A pesar de los compromisos internacionales, las legislaciones nacionales y las declaraciones de buenas intenciones, hoy en día más de 160 millones de niños y niñas en el mundo siguen siendo víctimas del trabajo infantil, según estimaciones de la OIT y UNICEF. Una cifra que debería interpelarnos no solo como ineludible imperativo ética, sino también desde la responsabilidad que tienen empresas, gobiernos y consumidores para erradicar esta injusticia.
El trabajo infantil no es una fatalidad ni una consecuencia inevitable de la pobreza. Es, en gran medida, el resultado de cadenas de suministro globalizadas que priorizan la competitividad y los costes bajos por encima de los derechos humanos. En este contexto, prevenir el trabajo infantil no es solo un imperativo moral: es una obligación legal y operativa que forma parte esencial de la diligencia debida empresarial.
La diligencia debida no puede reducirse a una auditoría anual o a una declaración genérica de principios. Exige una mirada profunda y continua sobre toda la cadena de valor, con mecanismos de trazabilidad real y colaboración entre todos los actores implicados. Cada eslabón debería velar por el cumplimiento del anterior, en un sistema de diligencia verificada acumulativa (en una lógica similar a la del Reglamento Europeo de lucha contra la deforestación, donde la responsabilidad se comparte y se retroalimenta). Solo con esta lógica en red, en la que todos los actores asumen su parte, podremos tener un control efectivo y responsable. Para ello es imprescindible también la tarea de certificadores y entidades de supervisión.
Ahora bien, incluso las mejores prácticas de prevención pueden fallar. Por ello, es fundamental que las empresas cuenten con planes de remediación claros y eficaces en caso de detectar un caso de trabajo infantil. Y aquí es donde muchas organizaciones pueden caer en la tentación de la solución rápida: cortar la relación con el proveedor implicado en aras de la defensa, mal entendida, de la reputación y de la marca. Escapar del problema no solo no lo resuelve, sino que puede agravarlo. Lo que hay que hacer es resolverlo, y la presión que podamos hacer sobre el fabricante infractor puede marcar la diferencia. La empresa que detecta un caso de explotación infantil en su cadena de suministro no es la víctima: lo es la niña explotada, lo es el niño explotado. Un adecuado plan de remediación prioriza el bienestar de la víctima sobre cualquier otra consideración. Un caso detectado y no remediado refuerza esa mala práctica, que se vuelve además menos visible, menos controlada y probablemente más precaria.
El enfoque debe ser otro: identificar, intervenir, proteger al menor y transformar la realidad que lo ha empujado a trabajar.
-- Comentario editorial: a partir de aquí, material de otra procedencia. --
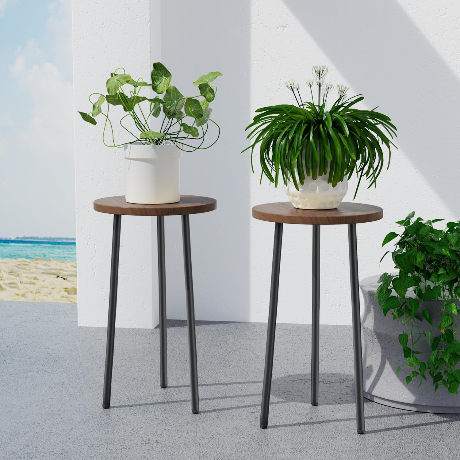 Plant Stand Indoor Outdoor: 2 Pack Indoor Plant Stand 20'' Convertible Multi-purpose Holder - Mid Century Modern Decor - Tall Plant Table for Living Room/Balcony/Garden/Patio, Walnut
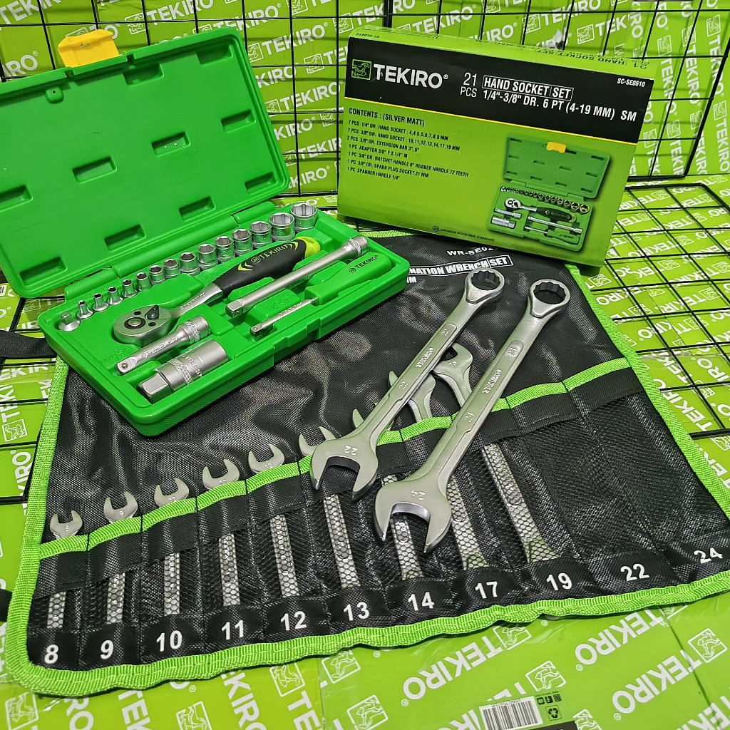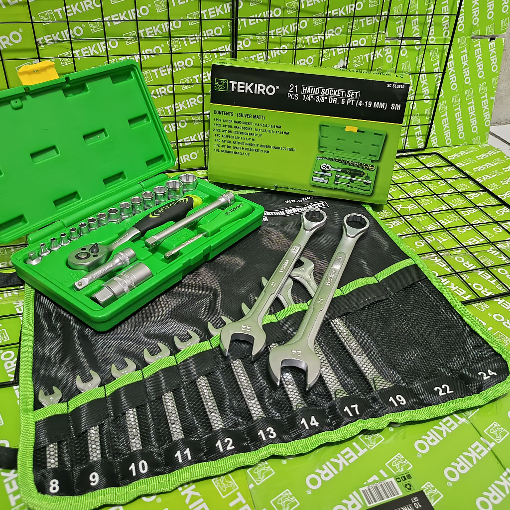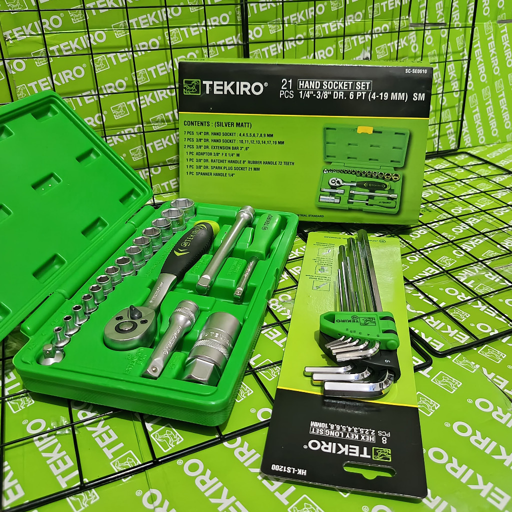 TEKIRO Paket Tools Set 3 Pcs / Kunci Sock Sok 21 Pcs / Ring Pas 11 Pcs / Kunci L 9 Pcs / Alat Bengkel Tekiro Lengkap

Esto implica trabajar con organizaciones locales, con las familias, con las autoridades y con los propios proveedores. Supone un esfuerzo sostenido, que cuesta más que la simple “limpieza de imagen”, pero que realmente cambia vidas.
La futura transposición de la directiva europea sobre diligencia debida en materia de sostenibilidad empresarial es una oportunidad histórica para avanzar en esta línea. No debería verse como una carga para las empresas, sino como una palanca para actuar, para sistematizar procesos, reforzar alianzas y garantizar que detrás de cada producto que llega al mercado no hay una historia de infancia rota.
Erradicar el trabajo infantil no es solo un compromiso que se firma en un código de conducta. Es una práctica diaria de vigilancia activa, colaboración estrecha y reparación responsable. Porque cada niña, cada niño que trabaja es un fracaso colectivo, y cada acción decidida para evitarlo, un paso hacia la dignidad compartida.